(Source data):

——————

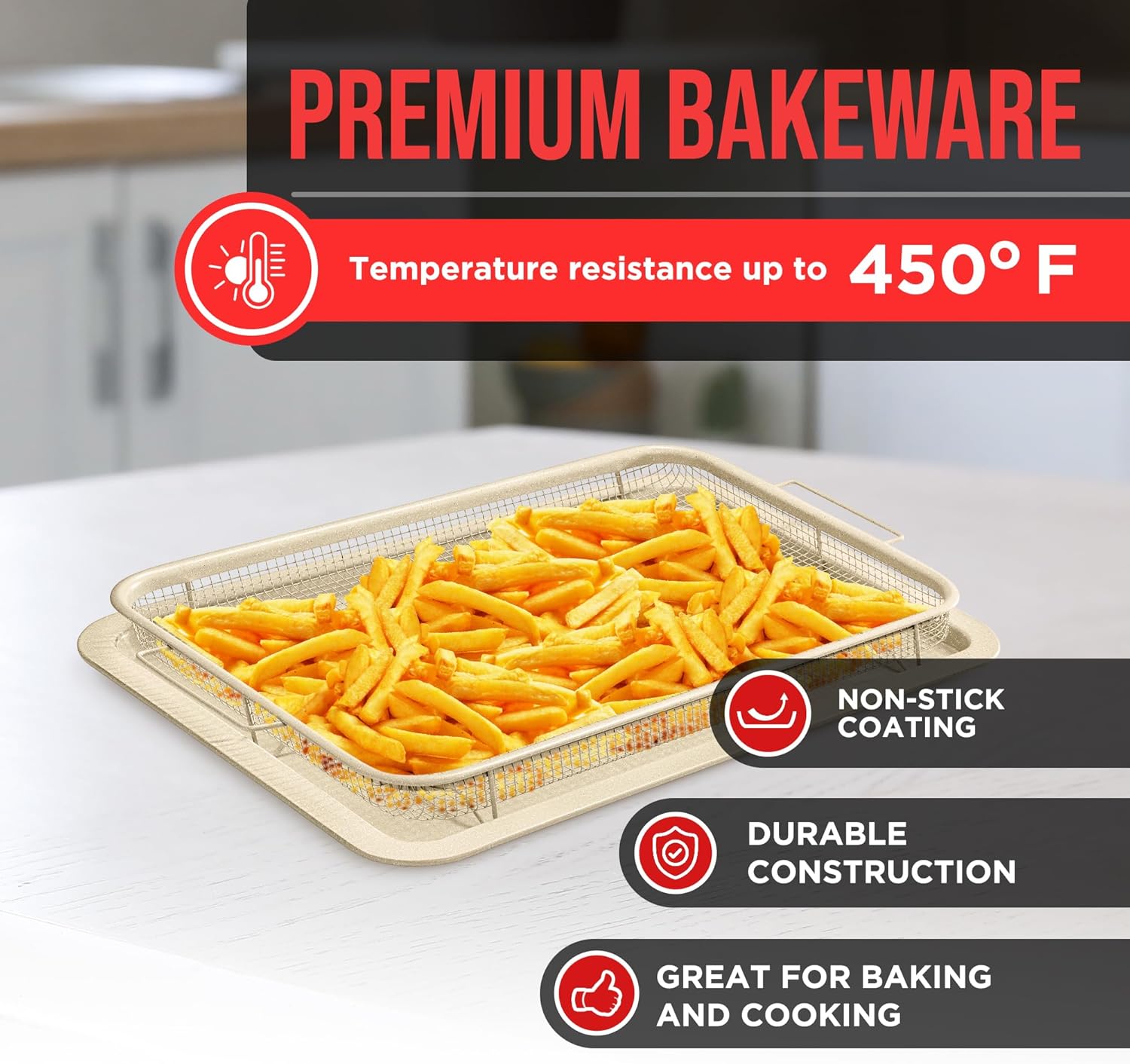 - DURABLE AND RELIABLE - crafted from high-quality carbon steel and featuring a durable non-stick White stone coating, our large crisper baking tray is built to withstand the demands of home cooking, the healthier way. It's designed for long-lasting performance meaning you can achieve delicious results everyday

——————

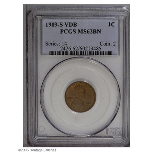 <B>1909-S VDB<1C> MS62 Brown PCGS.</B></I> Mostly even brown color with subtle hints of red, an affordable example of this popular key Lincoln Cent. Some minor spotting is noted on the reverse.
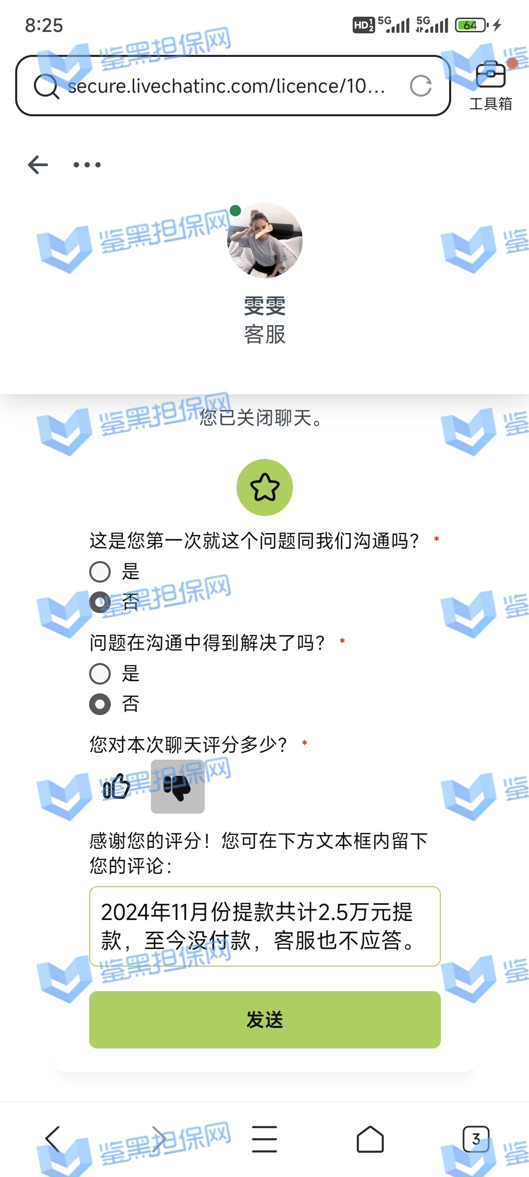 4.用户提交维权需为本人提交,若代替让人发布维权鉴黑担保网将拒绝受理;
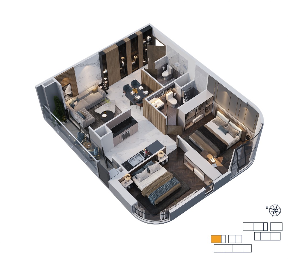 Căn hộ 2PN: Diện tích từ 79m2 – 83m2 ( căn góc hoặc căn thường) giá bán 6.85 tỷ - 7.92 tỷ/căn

——————

(Activity): Reproduce exactly, with no pictures, the lines above from the one holding "4.用户提交维权需为本人提交,若代替让人发布维权鉴黑担保网将拒绝受理;" to the one holding "Căn hộ 2PN: Diện", inclusive.

(The answer):
 4.用户提交维权需为本人提交,若代替让人发布维权鉴黑担保网将拒绝受理;
 Căn hộ 2PN: Diện tích từ 79m2 – 83m2 ( căn góc hoặc căn thường) giá bán 6.85 tỷ - 7.92 tỷ/căn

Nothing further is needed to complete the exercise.